Водитель. Говорить, кажется, уже не о чем.

Отец. Неужели она родителям гостинец не пошлет?

Водитель. Ну, ладно, прощай, что ли... А-а... Магазин где у вас? Надо бы продукты в дорогу, гостинцы домой закупить...

Сююмбике. Та-ам...

Водитель.  Сююмбике! Собирайся, я увезу тебя домой!

Сююмбике. Она не успела ответить, в дверях появился ее свекор и что-то сказал по-армянски. Передавай привет!

Водитель. Тяжелые двери крепкого армянского дома закрылись.

Рафик. На следующий день мы выехали в обратный путь.

Водитель. Отжав муфту сцепления, я услышал какой-то писк, доносившийся из-под кабины.
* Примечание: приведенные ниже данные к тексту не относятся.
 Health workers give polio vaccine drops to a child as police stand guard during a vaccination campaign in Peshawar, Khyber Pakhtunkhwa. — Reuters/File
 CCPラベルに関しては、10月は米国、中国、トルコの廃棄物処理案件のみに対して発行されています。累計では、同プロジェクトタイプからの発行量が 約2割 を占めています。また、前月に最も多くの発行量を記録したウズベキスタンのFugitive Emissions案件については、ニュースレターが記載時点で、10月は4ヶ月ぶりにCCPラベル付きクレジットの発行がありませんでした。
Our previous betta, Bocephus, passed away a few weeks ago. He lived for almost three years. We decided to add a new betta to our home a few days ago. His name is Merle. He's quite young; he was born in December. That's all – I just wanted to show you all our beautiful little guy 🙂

Рафик. Твоя бедная мышка-землячка.

Водитель. Остановив машину, я облокотился о руль и закрыл кулаками глаза. В дороге я привык к этой мышке, подбрасывал ей под сиденье горсти зерна и с удовольствием слушал ее благодарные хрумканье. Пересекая далекие, чужие земли, приятно чувствовать возле себя хоть какое-то живое существо с родины. Даже если это простенькая мышь...
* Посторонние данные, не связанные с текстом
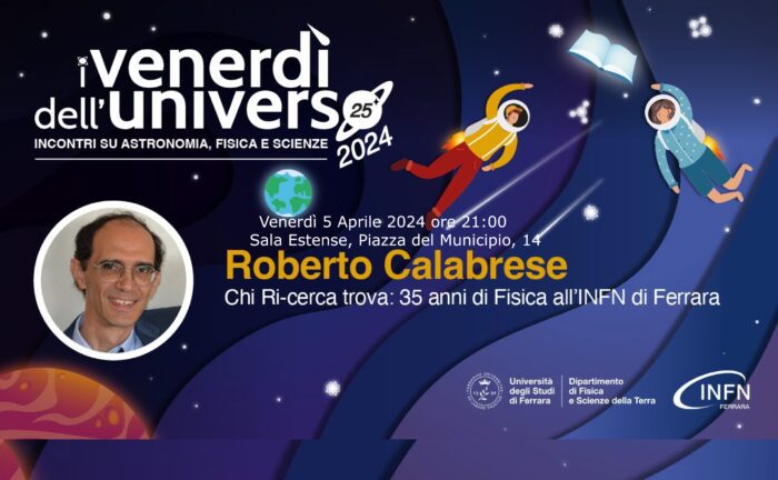 “Chi Ri-cerca trova: 35 anni di Fisica all’INFN di Ferrara” Roberto Calabrese, direttore della Sezione di Ferrara dell’INFN Antonio Zoccoli, Presidente dell’Istituto Nazionale di Fisica Nucleare Venerdì 05 Aprile 2024 dalle 21:00 alle 23:00 Sala Estense, Piazza del Municipio, 14 https://www.unife.it/…/2024/aprile/venerdi-delluniverso Per chi fosse impossibilitato a partecipare in presenza: YouTube https://www.youtube.com/c/IVenerdìdellUniverso
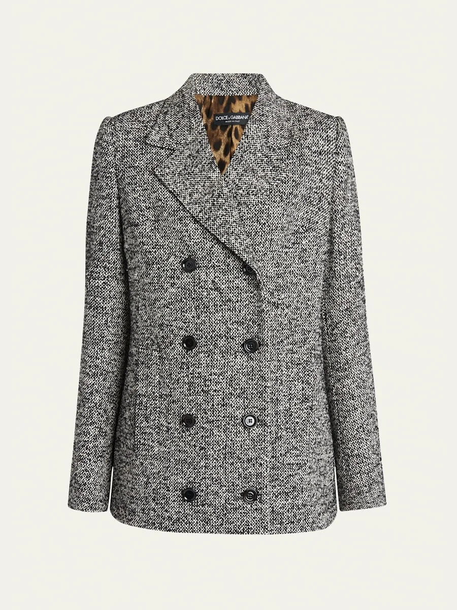 Dolce&Gabbana jacket in dotted wool-blend Notch lapels; double-breasted front Long sleeves; button cuffs Padded shoulders Hip welt pockets Straight fit Hem falls below the hip Virgin wool/silk/nylon/polyamide Made in Italy Online Inquiries: BGS21_BA5QA| Store Inquiries: #5040799
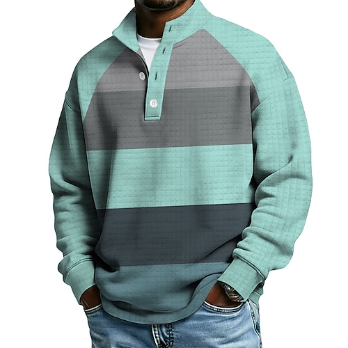 Per uomo Plaid Gradiente di Colore Nido d'ape Felpa Moda Quotidiano Casual Collo Alto Casa All'aperto Abbigliamento casual alla moda Ufficio Blu Verde Grigio Bottoni Autunno Inverno progettista S M L
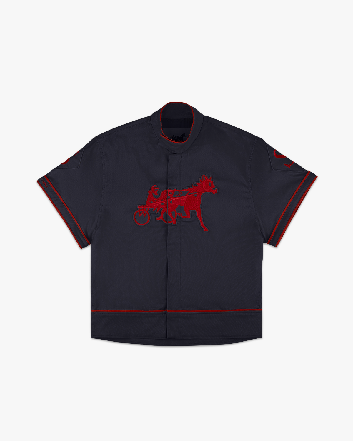 Navy Short Sleeve Track Jacket featuring red Siegelman Racing Stable logo across wearer's front chest.

Рафик. Сзади стали сигналить машины.

Водитель. Я открыл дверцу кабины и выкинул окровавленное тельце мышки на пыльную армянскую землю. Впереди меня сиротливо ожидала родина.

Отец. Ну как, сынок, передал письмо?

Водитель. Конечно.

Отец.  Сказал, что я собираюсь дом возвести?

Водитель. Из чего ты собираешься дом построить?!

Отец. Да-да... Стройматериалов не хватает... Но я попрошу еще у председателя...

Водитель. Держи карман шире! Дочка-то уже – тю-тю!

Отец. Ну, не даст, так буду жить, как раньше жил. Мне уже недолго небо коптить. А финский домик отдам под мечеть. И то дело: везде мечети строят, а у нас – нет. Вчера только говорили об этом с муллой Шарифом. Если народ малость подсобит, будет Шариф, как и положено мулле, при мечети. Погоди-ка... У тебя не найдется по маленькой? Вчера лишку перебрал...

Водитель. Я молча отвернулся и пошел к дому, спиной услышав приглушенный стон сожаления и шаркающие шаги удалявшегося пастуха.

 

Цветок папоротника

Альбир. Если это настоящая деревня, то обязательно там должен жить свой дурачок. У нас тоже есть один. Конечно, нельзя сказать, что он совсем сумасшедший. Но и сказать, что он нормальный человек, язык не поворачивается. Непонятный, странный он. Нет никакой заботы в этом мире, ходит, живет на свой лад, коптит воздух. И мы к нему не обращаемся, он сам по себе, у нас своя суета. Пытаемся жить… В таких случаях каждый находит себе занятие. Вон старуха Альмира начала писать баиты, а подполковник Сает ходит муллой, учит тому, чего даже сам не знает; а сосед Али совсем из ума выжил: хочет создать ансамбль песни и пляски с деревенскими стариками. А я… А я иду навестить подполковника Саета, живущего в нижней части деревни. Когда он служил в армии под Челябинском, там взорвался один завод и, говорят, ветер и до Саета долетел. Непростой ветер, радиация! Надо узнать, как у него дела, возможно, пришло время прочитать предсмертную молитву «Ясин». Ко всем придет такое время.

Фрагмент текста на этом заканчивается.